YOUR TASK: Transcribe all the data below exactly, leaving its pictures out.

DATA SEGMENT:

"""

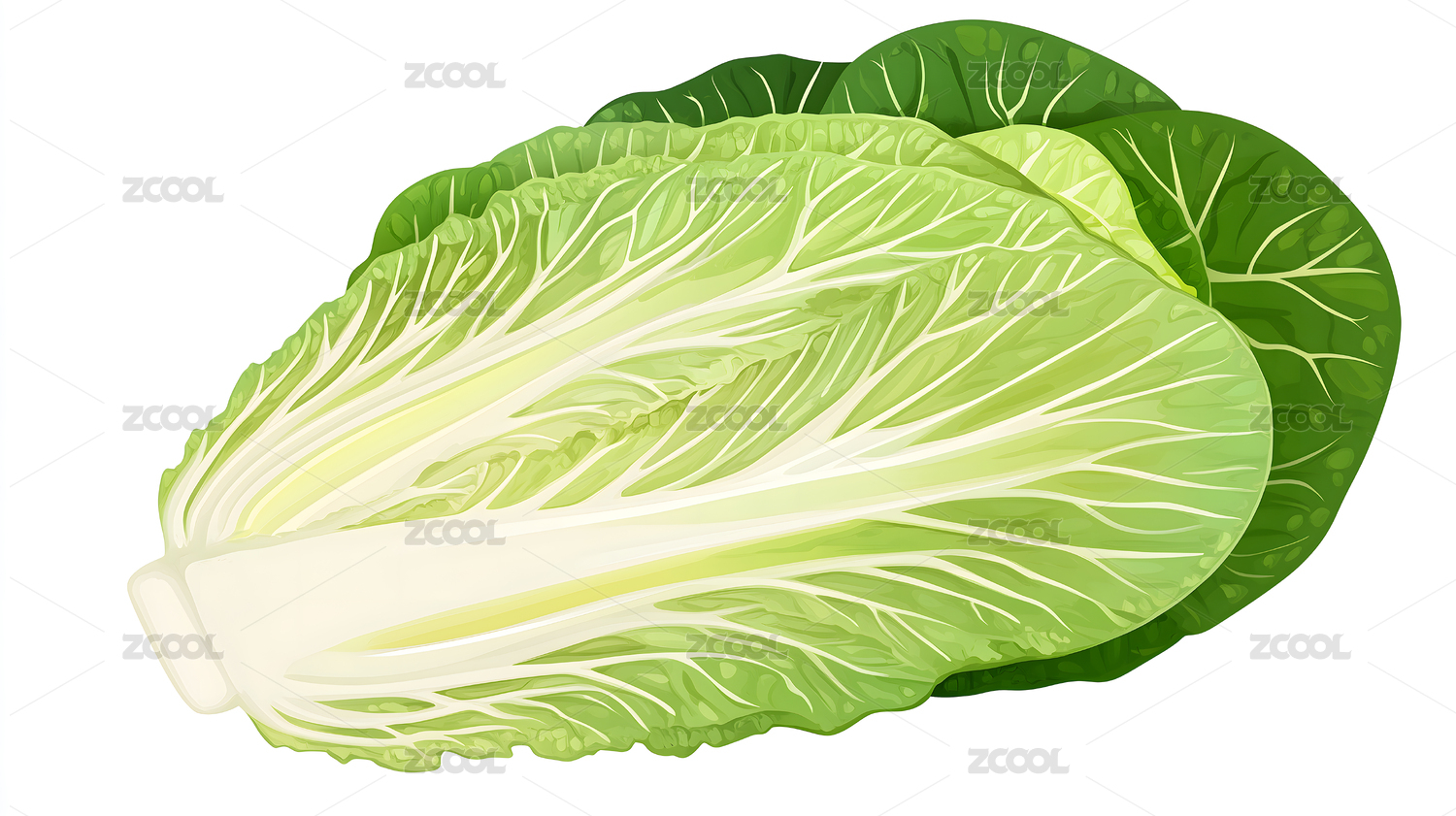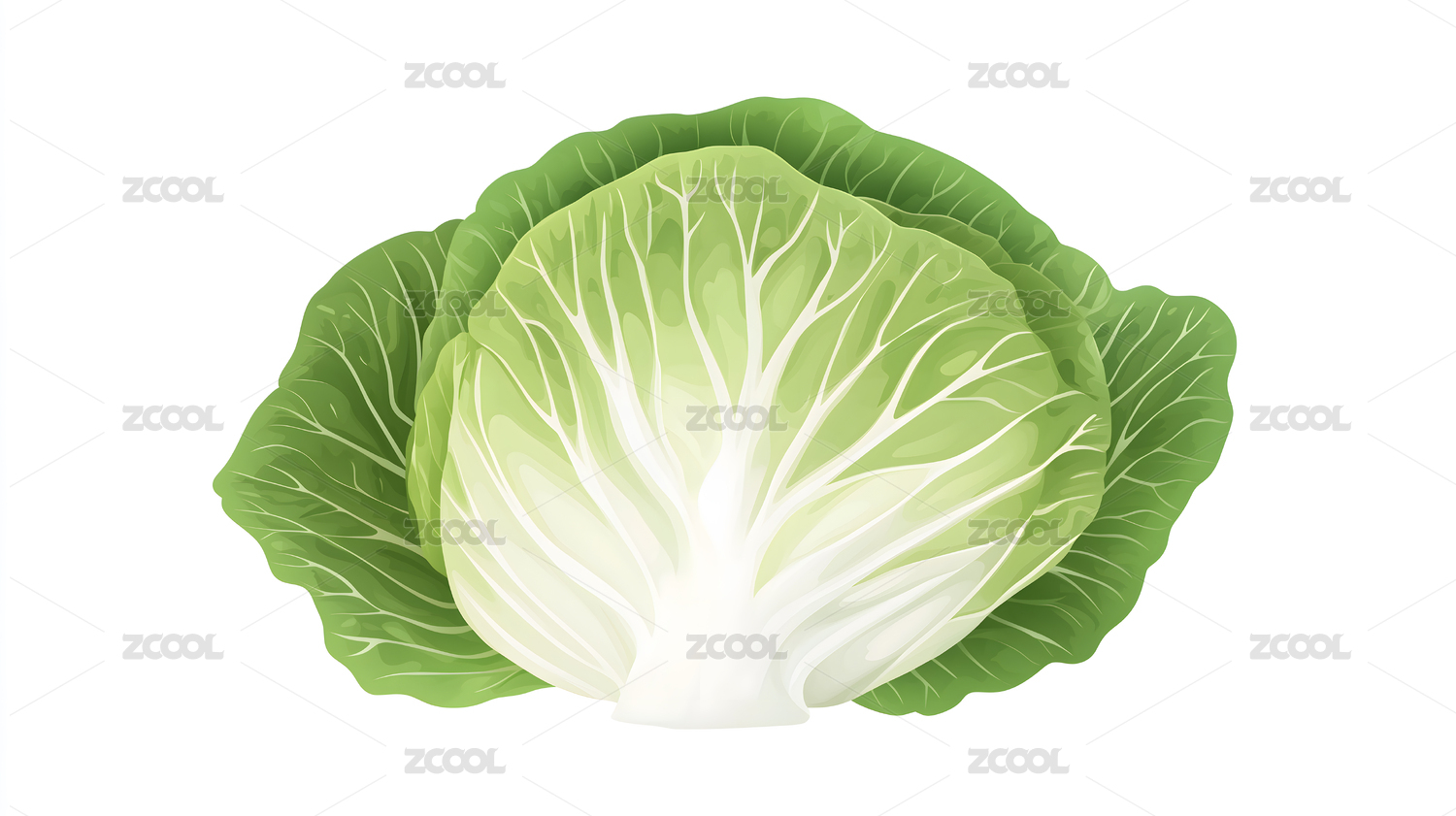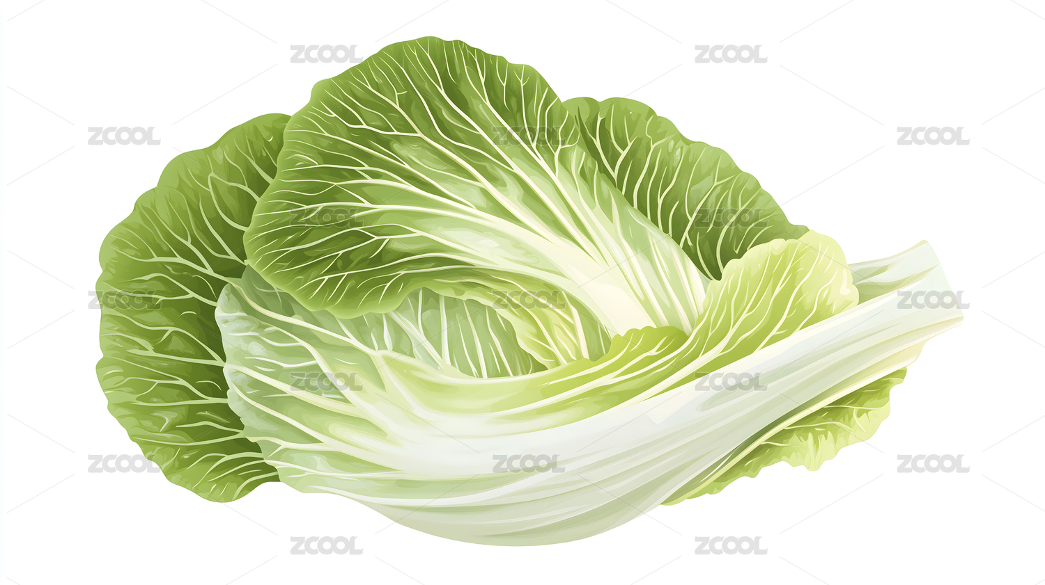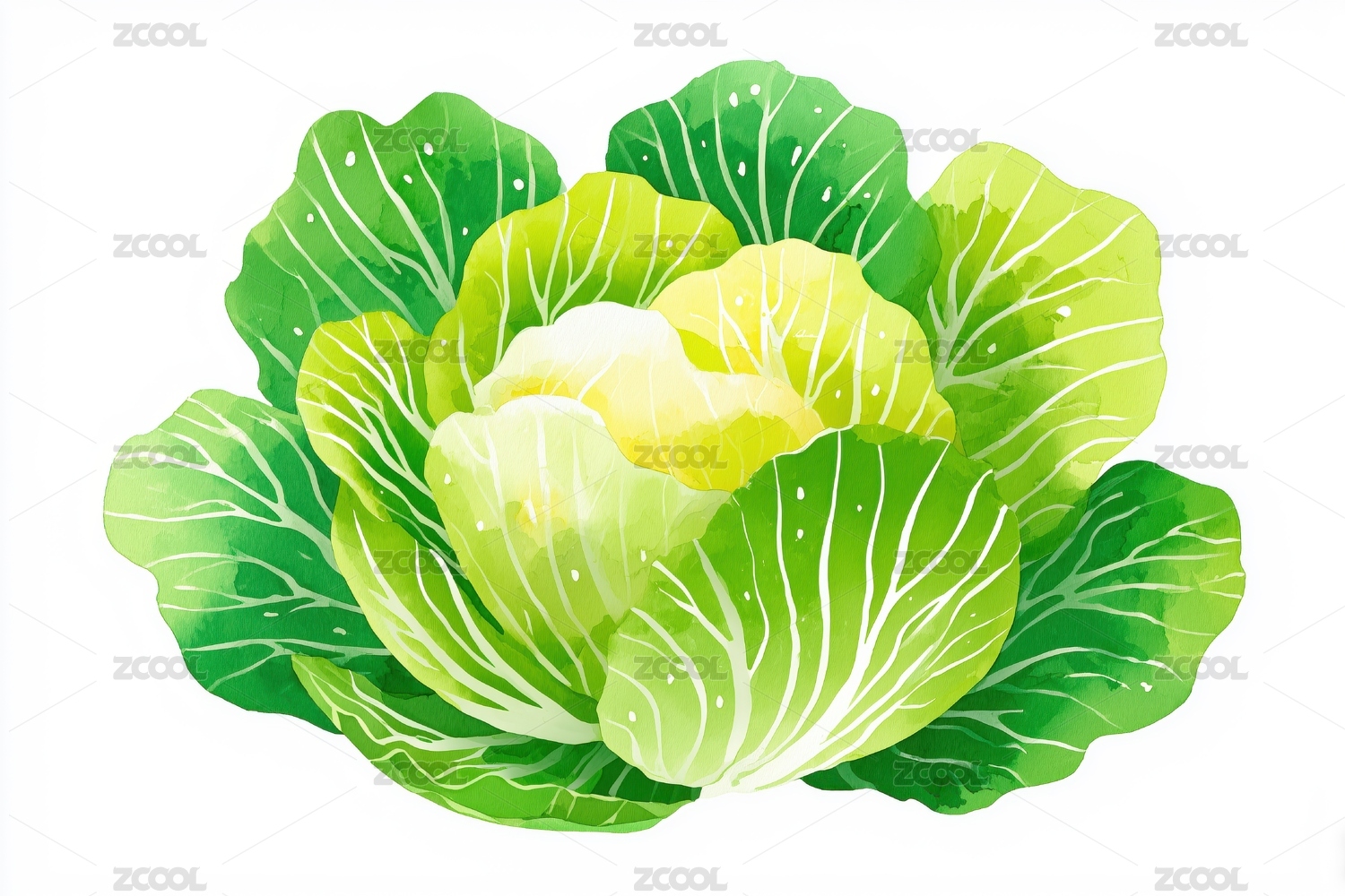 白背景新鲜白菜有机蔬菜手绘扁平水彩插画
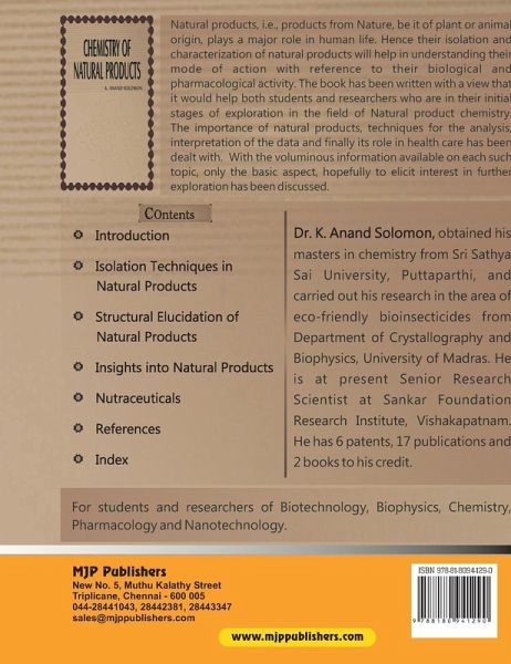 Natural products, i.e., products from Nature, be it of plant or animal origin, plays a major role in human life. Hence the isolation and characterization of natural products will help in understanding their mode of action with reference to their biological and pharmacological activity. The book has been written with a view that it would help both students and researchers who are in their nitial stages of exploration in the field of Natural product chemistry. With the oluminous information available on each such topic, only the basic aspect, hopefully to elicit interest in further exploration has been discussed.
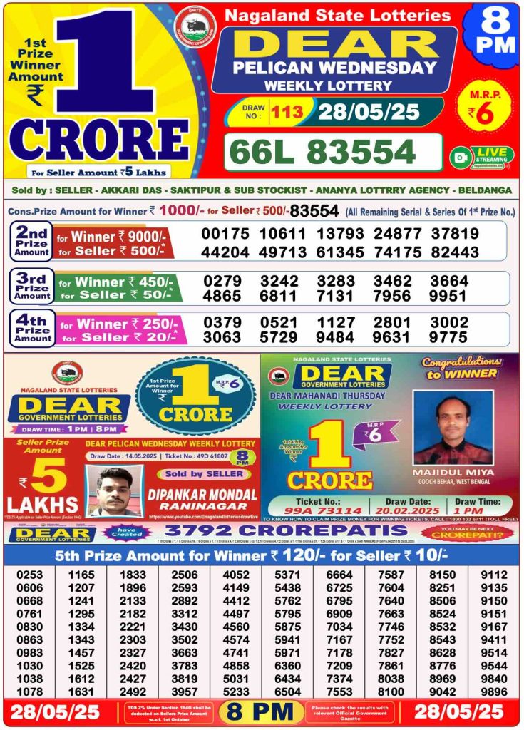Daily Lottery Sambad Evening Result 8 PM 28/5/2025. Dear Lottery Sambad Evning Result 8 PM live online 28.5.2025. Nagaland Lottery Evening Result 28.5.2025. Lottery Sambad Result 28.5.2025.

"""

EXERCISE RESULT:
 白背景新鲜白菜有机蔬菜手绘扁平水彩插画
 Natural products, i.e., products from Nature, be it of plant or animal origin, plays a major role in human life. Hence the isolation and characterization of natural products will help in understanding their mode of action with reference to their biological and pharmacological activity. The book has been written with a view that it would help both students and researchers who are in their nitial stages of exploration in the field of Natural product chemistry. With the oluminous information available on each such topic, only the basic aspect, hopefully to elicit interest in further exploration has been discussed.
Daily Lottery Sambad Evening Result 8 PM 28/5/2025. Dear Lottery Sambad Evning Result 8 PM live online 28.5.2025. Nagaland Lottery Evening Result 28.5.2025. Lottery Sambad Result 28.5.2025.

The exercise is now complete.